However, the timing of the FDI rejig has a clear pattern to it. Immediately after the political dressing-down in Bihar, the BJP-led NDA government had thought it prudent to declare easing of FDI norms. Then it had left none in doubt that the move was a ploy to deflect the public gaze from the humiliating political rout in Bihar. This time around, the FDI balloon was flown just after the nationwide backlash triggered by the sudden announcement of exit by RBI Governor Raghuram Rajan.

The RBI Governor, at the receiving end of a vicious attack from a section of the BJP’s central leadership, perceptibly with the consent of the BJP brass including the Prime Minister, silenced his critics by volunteering to opt out of his job in the central bank.
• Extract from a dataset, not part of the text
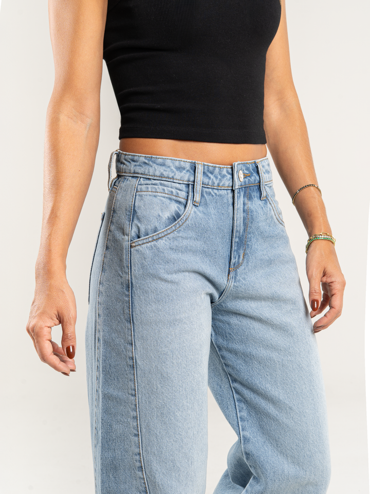 Jean mom flare, rígido, con cortes, tiro medio, azul medio, cintura ajustada, pierna holgada, diseño cinco bolsillos.

The second FDI announcement was timed to deflect public glare from Rexit.

Having said that, efforts of the Modi government to make the most of the stage-managed FDI bonhomie is more of optics than anything else. Widening FDI door by itself is not the panacea for the nation’s economic ills. Opening the door does not necessarily mean guests will come in droves on their own. In the past too, it did not happen. FDI doors had been opened but investments did not flow in in the desired manner.
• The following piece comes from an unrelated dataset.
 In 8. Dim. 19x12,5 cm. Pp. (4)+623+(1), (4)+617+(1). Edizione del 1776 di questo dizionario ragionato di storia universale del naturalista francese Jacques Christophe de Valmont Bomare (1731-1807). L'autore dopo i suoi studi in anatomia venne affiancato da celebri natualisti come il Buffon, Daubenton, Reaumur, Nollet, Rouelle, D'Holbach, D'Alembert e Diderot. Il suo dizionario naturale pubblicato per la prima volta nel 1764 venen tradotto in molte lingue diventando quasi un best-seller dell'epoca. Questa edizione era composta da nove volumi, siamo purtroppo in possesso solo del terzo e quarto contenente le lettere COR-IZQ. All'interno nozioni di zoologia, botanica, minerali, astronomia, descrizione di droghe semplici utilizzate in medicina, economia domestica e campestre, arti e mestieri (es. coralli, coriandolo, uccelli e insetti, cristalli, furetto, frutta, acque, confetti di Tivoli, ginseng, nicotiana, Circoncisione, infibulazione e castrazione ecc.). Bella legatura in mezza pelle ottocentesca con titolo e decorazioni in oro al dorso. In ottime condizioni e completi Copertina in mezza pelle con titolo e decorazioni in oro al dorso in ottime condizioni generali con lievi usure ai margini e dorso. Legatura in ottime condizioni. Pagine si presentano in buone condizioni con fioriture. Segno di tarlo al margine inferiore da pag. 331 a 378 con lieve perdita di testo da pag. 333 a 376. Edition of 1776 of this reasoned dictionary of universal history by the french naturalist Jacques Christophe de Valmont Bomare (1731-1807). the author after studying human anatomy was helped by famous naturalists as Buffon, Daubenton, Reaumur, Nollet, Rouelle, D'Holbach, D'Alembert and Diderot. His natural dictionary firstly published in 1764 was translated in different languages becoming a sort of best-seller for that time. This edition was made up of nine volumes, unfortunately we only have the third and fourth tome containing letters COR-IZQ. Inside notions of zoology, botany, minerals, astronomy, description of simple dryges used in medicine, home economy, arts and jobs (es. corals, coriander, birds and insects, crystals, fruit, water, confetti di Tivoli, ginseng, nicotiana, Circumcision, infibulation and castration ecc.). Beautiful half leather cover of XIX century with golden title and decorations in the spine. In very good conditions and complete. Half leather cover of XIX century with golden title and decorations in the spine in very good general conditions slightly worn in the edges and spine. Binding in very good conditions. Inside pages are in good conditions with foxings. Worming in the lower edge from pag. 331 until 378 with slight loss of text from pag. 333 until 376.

The new measures are expected to pave the way to attracting more foreign investment since they target sectors which have been relative laggards only so far FDI is concerned. However, the nine sectors for which FDI norms have been eased account for just 11 per cent of the total foreign direct investment received by India.

If we compare this with the top five sectors namely services, construction, computer software and hardware, telecom and automobiles, together they account for a 45 per cent of the FDI pie. Therefore, easing of norms for these sectors may have made better sense in terms of FDI inflow to the country.

The refrain that India has achieved the highest growth in the world has not translated itself into creation of jobs. Unemployment has been steadily rising. Earlier this week, reports came in that nearly a thousand graduates and a sizeable number of MPhil degree holders in Maharashtra have applied for ‘hammal’ jobs for which the highest qualification sought was Class IV pass. This speaks volumes about the level of frustration among the nation’s youth with this government.

Opening the door to investments is just the first measure or an incremental step. It is independent of other things and cannot be a game-changer. It is more a statement of intent, an invitation for investors and companies around the world, to believe in the India story. To truly achieve its aim of opening up to increase employment and create jobs for the millions streaming into the labour force every year, the government will have to do more.

India continues to enjoy a lowly rank in the ease of doing business list among its peers. Retaining the investments that come in as a result of these measures will be the key challenge. This is not to downplay the government’s efforts to create an enabling policy universe in the country. FDI is a long haul issue.

There are equally significant and even more important things that the government should look at. Labour reforms, GST, boosting agriculture infrastructure in the country and ensuring a healthy banking system are other focus areas that can yield more.